Items listed in a dataset –
---

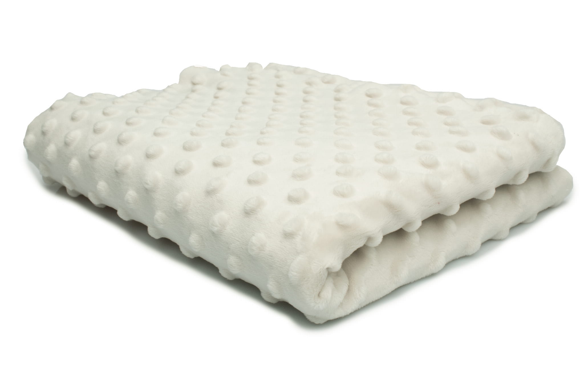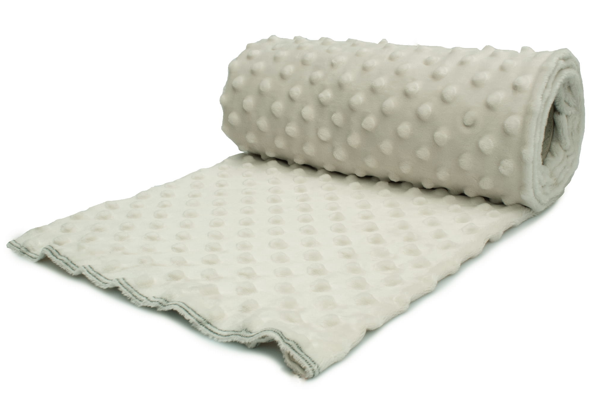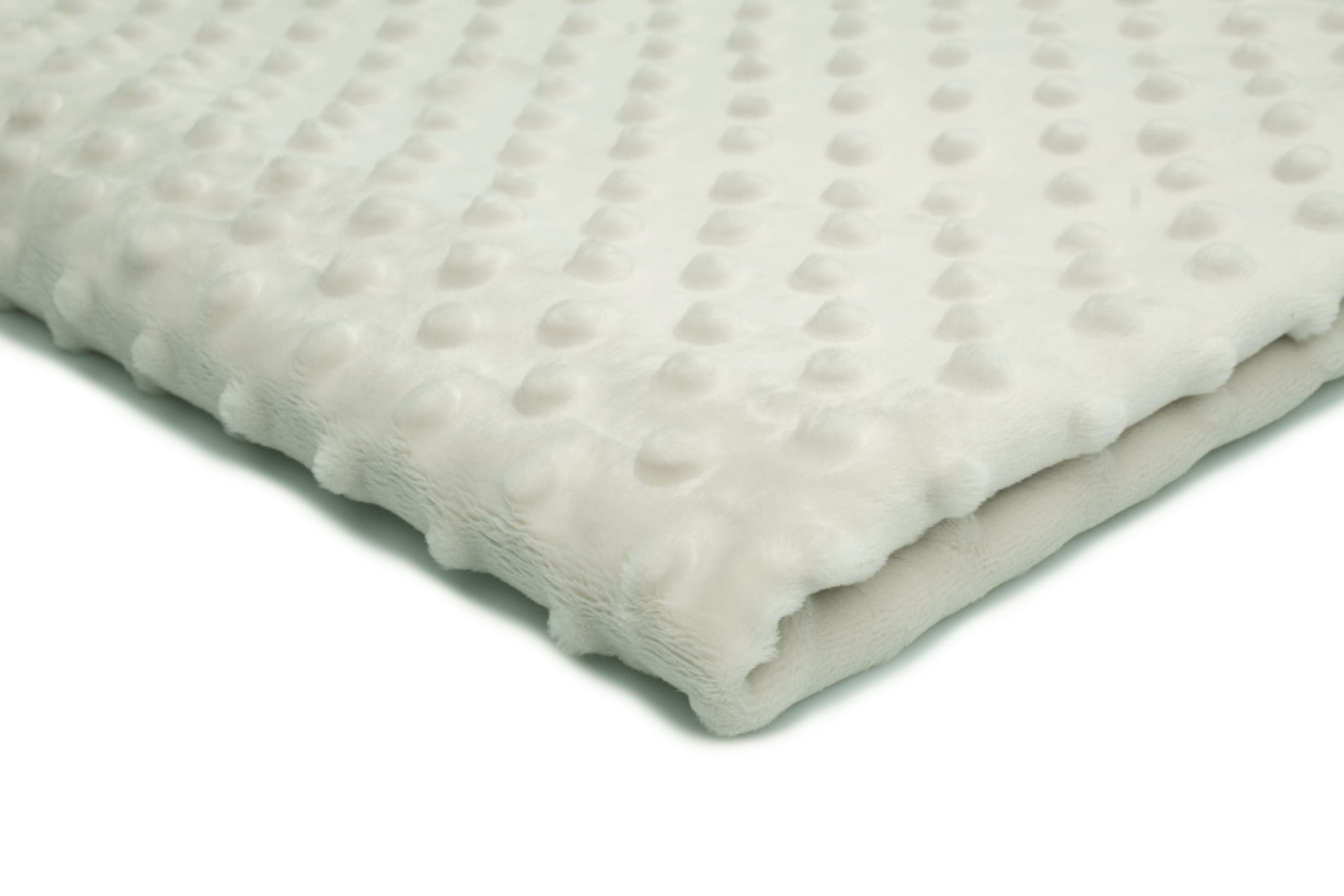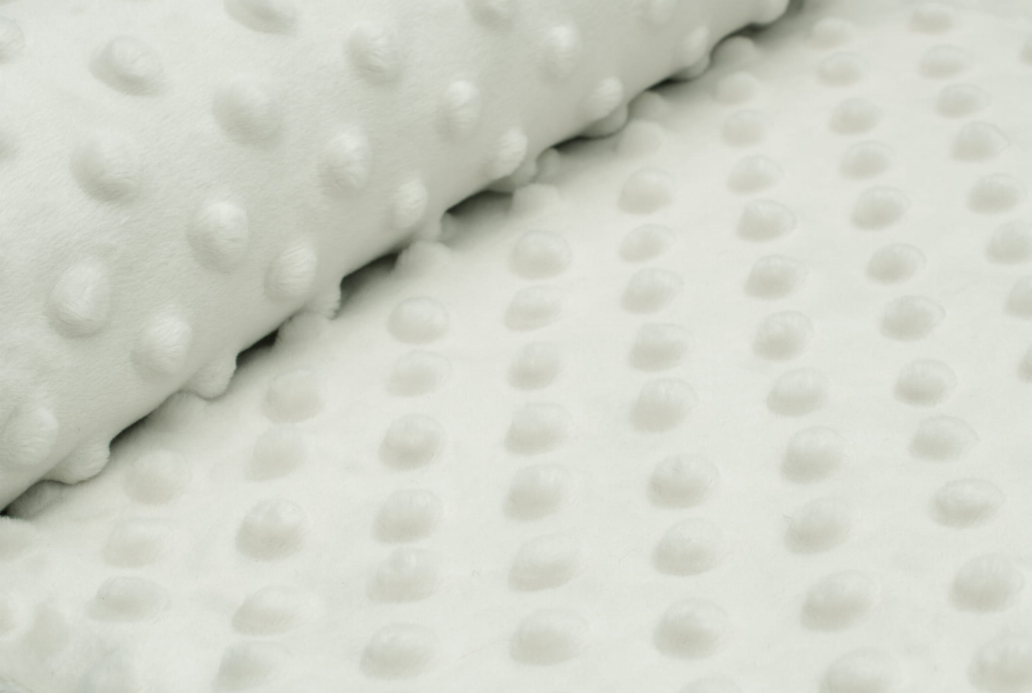 Minky fleece ist eine Strickware aus Polyesterfasern. Es zeichnet sich vor allem durch eine sehr gute Wärmedämmung und eine weiche und äußerst kuschelige Textur des Materials aus. Darüber hinaus hat es eine attraktive Prägung in Form von konvexen Kugeln, wodurch sein ästhetischer Wert verbessert wird.
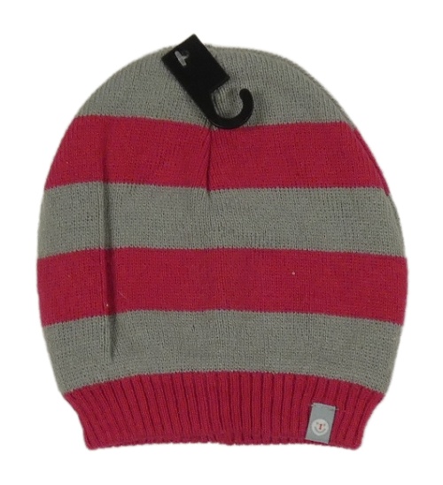 Nové - Malinovo-šedá pruhovaná pletená podšitá čepice
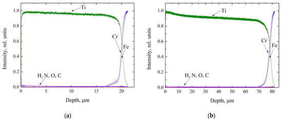 In Figure 8a,b, there was a hydrogen peak at a depth of 18 μm. This was caused by the diffusion movement of hydrogen to the substrate. It is known that the interface between the coating and the substrate is the place with the greatest structural incoherence. In such places, hydrogen is energetically beneficially distributed. The appearance of the hydrogen peak with a width of about 5 µm near the substrate was apparently due to two reasons. The first reason is that the substrate was not a hydride forming material and the hydrogen diffusion rate in steel is several orders of magnitude lower than in titanium under experimental conditions. This led to hydrogen accumulation near the substrate-coating interface. The second reason for the appearance of the wide hydrogen peak near the substrate-coating interface was due to the different sputtering rates of materials such as titanium hydride and steel.
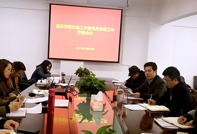 10月26日下午,音樂學院黨委在學院第二會議室召開了“音樂學院黨建工作暨黨員發(fā)展專題會議”。會議由院黨委書記范斌同志主持,院黨委副書記張波、院各教工黨支部書記、學生黨支部書記、以及院黨政辦、院團委書記等相關工作部門負責人參加了會議。
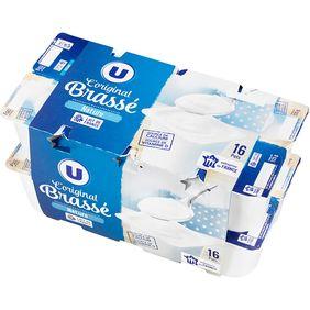 Yaourt brassé nature U 16x125g LAIT entier, protéines de LAIT, ferments (dont LAIT) vitamine D.
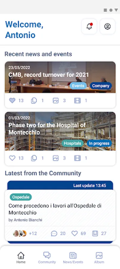 CMB Cooperativa Muratori e Braccianti di Carpi is a construction company specialized in hospital and civil work. With over a Century of experience, CMB builds its future on people and their professional skills, capable of enhancing projects both in the construction sector and in infrastructure and facility management. The new CMB app will allow all employees and company members to receive updated news and communicate easily with each other.
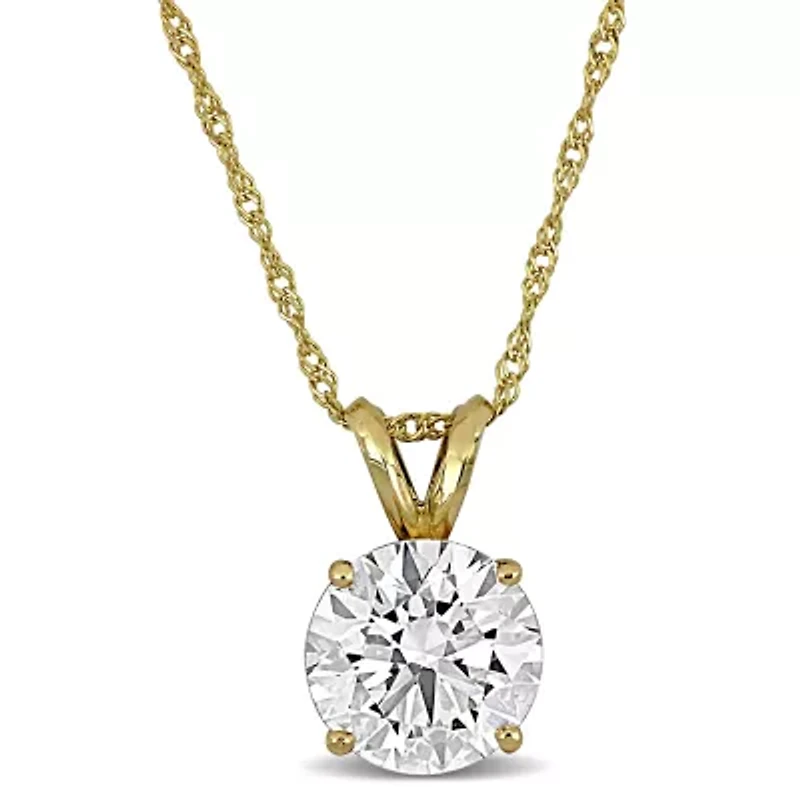 Elevate your everyday elegance with this 14k yellow gold solitaire pendant. A radiant lab-grown diamond rests at the center, suspended gracefully from a delicate chain for a look that is both timeless and refined. Its classic design allows the brilliance to take center stage, adding effortless sophistication to any outfit. More than a simple accent, it’s a symbol of confidence, beauty, and enduring style. Lobster closure, 1 lab grown diamond Color rating: G, H Clarity rating: VS1-VS2 Polished finish Prong setting Warranty available, 60 days Canada Imported Product Specifications 9.25-mm width x 15-mm height, 18" 3 ct. t.w. lab grown diamond Material & Care 14K Yellow Gold Metal, Yellow Gold Clean with a soft cloth.
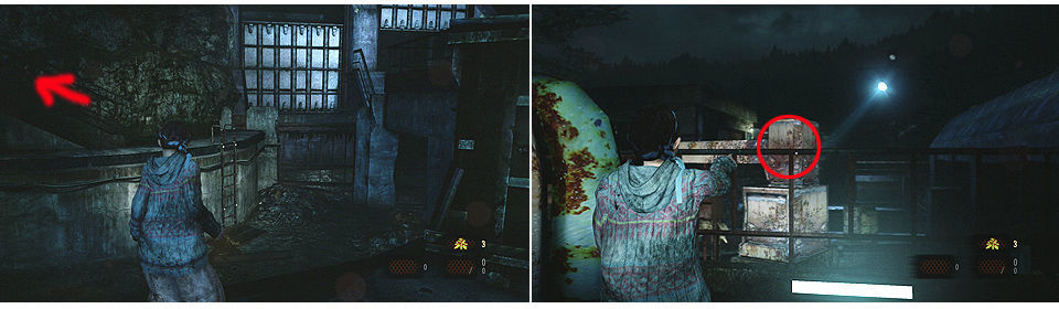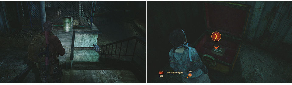 Avanzando por el fondo del canal subimos hasta llegar a una caseta, dentro hay un agujero por el que se puede meter Natalia y llegar a una caja Trucada, cuidado que dentro hay un enemigo, para eliminarle, dentro de la sala de la caja ha una puerta cerrada por el otro lado, desde fuera con Barry la desbloqueamos rompiendo el candado para que salga el Rotten y matarlo, así podemos abrir la caja tranquilamente.Caja Trucada 2 (Kit Mejora)
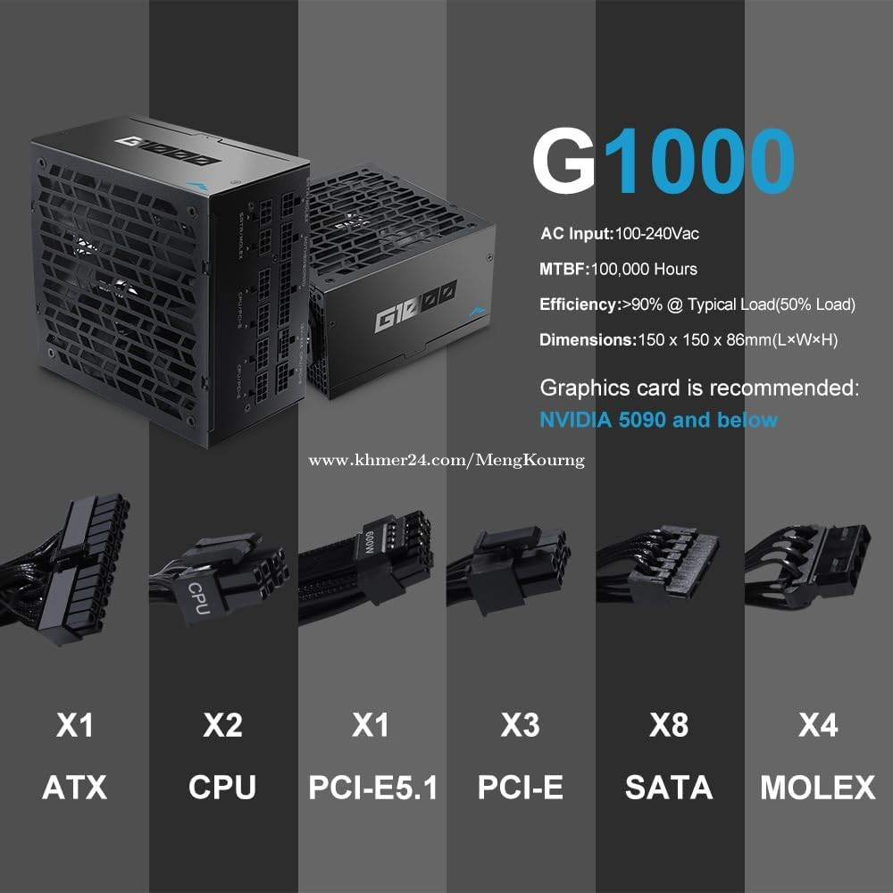 SAMA G1000 ATX3.1 1000W 80 PLUS GOLD Fully MODULAR ✅PCIe 5.1 12V - 2x6 ✅ RTX50 Series Ready – Black ✅Have 1 Warranty 👉(បញ្ជាក់ :តម្លៃ នេះមិនបូករួមសេវាតម្លេីងអោយនោះទេ) *This price not include delivery 🛒កម្ម៉ង់ឥឡូវនេះ 👇👇👇 ផ្នែកលក់ https://t.me/cmksale1 Join ⏬ Telegram 🔔 https://t.me/+pMlYdQSBYkEyYTU1 ដើម្បីទទួលបាន ព័ត៌មានថ្មីៗ លម្អិត និងការផ្តល់ជូនពិសេសៗ ពីជួម៉េងគួងកុំព្យូទ័រ
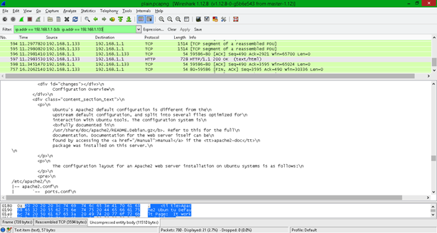 - Analyze the traffic between client and server by typing "ip.addr == 192.168.1.1 && ip.addr == 192.168.1.133" in the filter textbox. The unencrypted/plain page is visible in the figure.
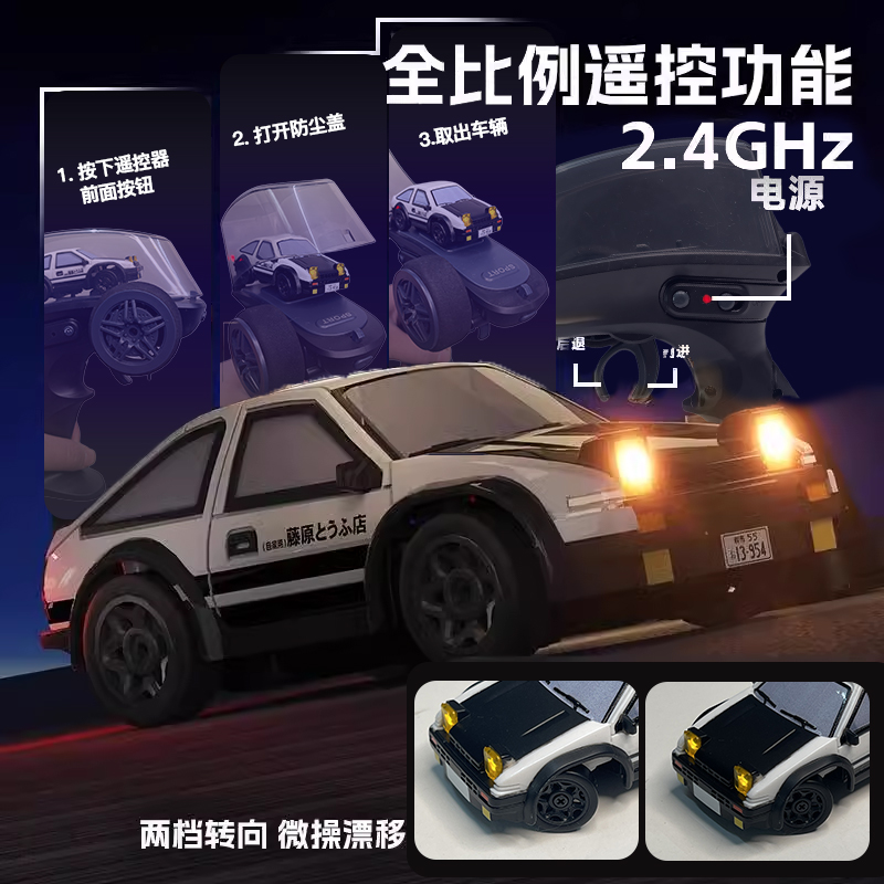 ae86迷你漂移遥控车rc桌面超汽车口袋赛车儿童玩具生日礼物1比64

---

Activity – The line holding "10月26日下午,音樂學院黨" starts the copy and the line holding "Yaourt brassé nature" ends it. Repeat those two lines above and all between them exactly, leaving out pictures.

Your solution –
 10月26日下午,音樂學院黨委在學院第二會議室召開了“音樂學院黨建工作暨黨員發(fā)展專題會議”。會議由院黨委書記范斌同志主持,院黨委副書記張波、院各教工黨支部書記、學生黨支部書記、以及院黨政辦、院團委書記等相關工作部門負責人參加了會議。
 Yaourt brassé nature U 16x125g LAIT entier, protéines de LAIT, ferments (dont LAIT) vitamine D.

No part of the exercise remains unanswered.